L'actualité du livre
Bande dessinéeet Réaliste  

Le Gratte-Ciel - 102 étages de vie
de Katharina Greve
Actes Sud - l'An 2 2018 /  17.50 €- 114.63  ffr. / 56 pages
ISBN : 978-2-330-10895-3
FORMAT : 12,5x24 cm

Musée bâtisse

Le lien entre bande dessinée et architecture est ancien. Et l'image de la vignette en pièce domestique a déjà connu de nombreux avatars. Ibaňez, dans 13, rue del Percebe, a exploité l'idée pendant sept ans ; Brigitte Luciani et Colonel Moutarde l'ont repris plus brièvement, l'Espace d'un soir ; sans parler de tous ceux qui ont ponctuellement utilisé la contrainte, Manuel Vazquez, Fred, Marc-Antoine Mathieu ou Will Eisner.

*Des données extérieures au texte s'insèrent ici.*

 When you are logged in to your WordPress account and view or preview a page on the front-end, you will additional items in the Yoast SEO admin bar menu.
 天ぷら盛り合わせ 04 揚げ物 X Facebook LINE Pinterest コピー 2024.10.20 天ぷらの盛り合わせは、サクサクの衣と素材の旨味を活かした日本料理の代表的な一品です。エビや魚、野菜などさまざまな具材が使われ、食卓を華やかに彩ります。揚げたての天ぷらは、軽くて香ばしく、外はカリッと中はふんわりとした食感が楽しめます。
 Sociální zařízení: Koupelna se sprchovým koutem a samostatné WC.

Mais Katharina Greve va au bout de cette logique. Dans les 306 cases de ce petit volume, il n'est question que d'un seul immeuble en coupe, dont nous explorons les 102 étages l'un après l'autre. Le livre et le bâtiment ne font qu'un, avec un souci d'architecte puisque la dessinatrice va jusqu'à définir le plan de l'immeuble pour expliquer ce qui apparaît et n'apparaît pas dans sa coupe.
Pas de gestion du temps, dès lors, ou seulement le temps d'un bandeau, si des personnages se répondent. On peut donc lire le livre dans n'importe quel sens, puisque le temps se confond parfaitement avec l'espace. Nous voyons successivement ce qui se passe dans une famille et ce qu'en racontent les voisin : c'est souvent ce petit jeu qui fait le sel du livre, notamment quand il se joue à trois bandes, dans tous les sens du terme, et qu'il faut revenir en arrière pour comprendre de quoi il retourne.

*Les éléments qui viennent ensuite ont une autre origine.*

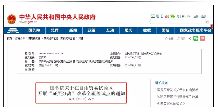 文件名称:国务院关于在自由贸易试验区开展“证照分离”改全覆盖试点的通知国发〔2019〕25号;
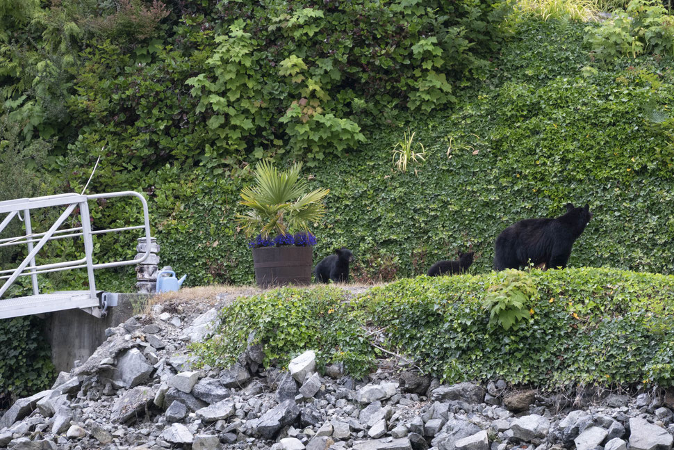 Wir verlassen Victoria und reisen ohne festen Plan über die Insel. Zuerst an die sehr einsame Westküste, wo es teilweise sehr weite Strecken nur staubige Schotterpisten gibt. Auf einer solchen Straße erreichen wir nach Stunden Bamfield, einer der beiden Start- und Endpunkte des berühmten und sehr anspruchsvollen West Coast Trails. Zum Abendessen müssen wir mit dem Wassertaxi über eine kleine Bucht in einen nicht auf Straßen erreichbaren Ortsteil übersetzen. Im Restaurant werden wir gleich mit dem Hinweis begrüßt, dass wir gerade einen Schwarzbären mit zwei Jungen verpasst hätten, der am Ufer mitten im Ort nach Futter gesucht hat. Als unser Wassertaxifahrer uns wieder abholt, erzählt er, dass er die kleine Familie ebenfalls gerade gesehen hat und statt uns auf direktem Weg zurückzubringen, sucht er mit Erfolg noch einmal das Ufer ab und aus nächster Nähe können wir die drei Petze beobachten, wie sie am Ufer und in Gärten nach Freßbarem suchen, bis ein Hund sie in die Bäume treibt.
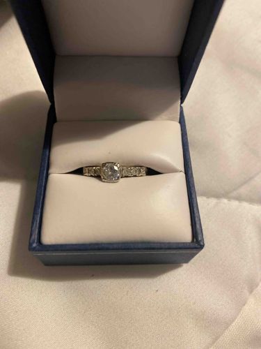 This item is an engagement-style ring crafted from a white precious metal, likely 14k or 18k white gold or platinum, presented in a blue textured jewelry box with a white faux-leather interior. The center stone is a round brilliant cut diamond or high-quality stimulant, approximately 0.50 to 0.75 carats, secured in a four-prong setting with a slightly squared gallery profile. The band features a pavé or channel-set arrangement of smaller round diamonds that extend halfway down the shoulders of the shank, enhancing the overall brilliance of the piece. The metal exhibits a high-polish finish with no immediate signs of heavy tarnishing, though minor surface scratches typical of light wear may be present upon closer inspection. The setting style suggests a contemporary or modern classic design, likely produced within the last 10-20 years. The craftsmanship appears consistent with mid-to-high-tier bridal jewelry, characterized by symmetrical stone placement and a balanced proportions. No visible maker's marks or hallmarks are identifiable from the upright position, but they would typically be found on the inner circumference of the shank.

D'abord pensé comme un blog hebdomadaire, le Gratte-ciel a fini par obtenir le prix Max und Moritz de la meilleure bande dessinée de langue allemande en 2016. Si le dessin, froid, s'accompagne de couleurs numériques qui peuvent rebuter au premier abord, la démarche et la finesse de l'auteure méritent d'être soulignées.
Il reste du support originel une kyrielle de mini chutes en fin de strip, c'est-à-dire d'étage : parfois drôles, parfois bien vues. Greve y pratique le renversement systématique et le décalage. Ainsi, le pire pour une victime de cambriolage est que les voleurs n'aient rien trouvé digne d'être pris ; tandis que la montée du niveau des mers n'a pas d'importance quand on habite au 9e étage. Le monde de Katharine Greve est un jeu d'échecs où les voisins sont tous des adversaires – ils ne font semblant d'être d'accord que pour mieux pourrir la logique ennemie. Les gens du Sagittaire sont tous superstitieux, et si on ne parle pas de la Ligue 1, on peut toujours parler de la Ligue des Champions.

Le livre vaut aussi pour sa conscience nette des enjeux politiques : le Gratte-ciel définit le monde contemporain, ses peurs, ses solitudes, ses absurdités. Rien d'étonnant à ce que les crises migratoires, le sexisme et l'environnement aient une place privilégiée dans les discussions. « Quand te décideras-tu à te faire enfin couper les cheveux, mon fils ? – Quand ça se fera en ligne. »
Un livre qui soit tout un immeuble, c'est sans doute le meilleur moyen d'y mettre toute une société.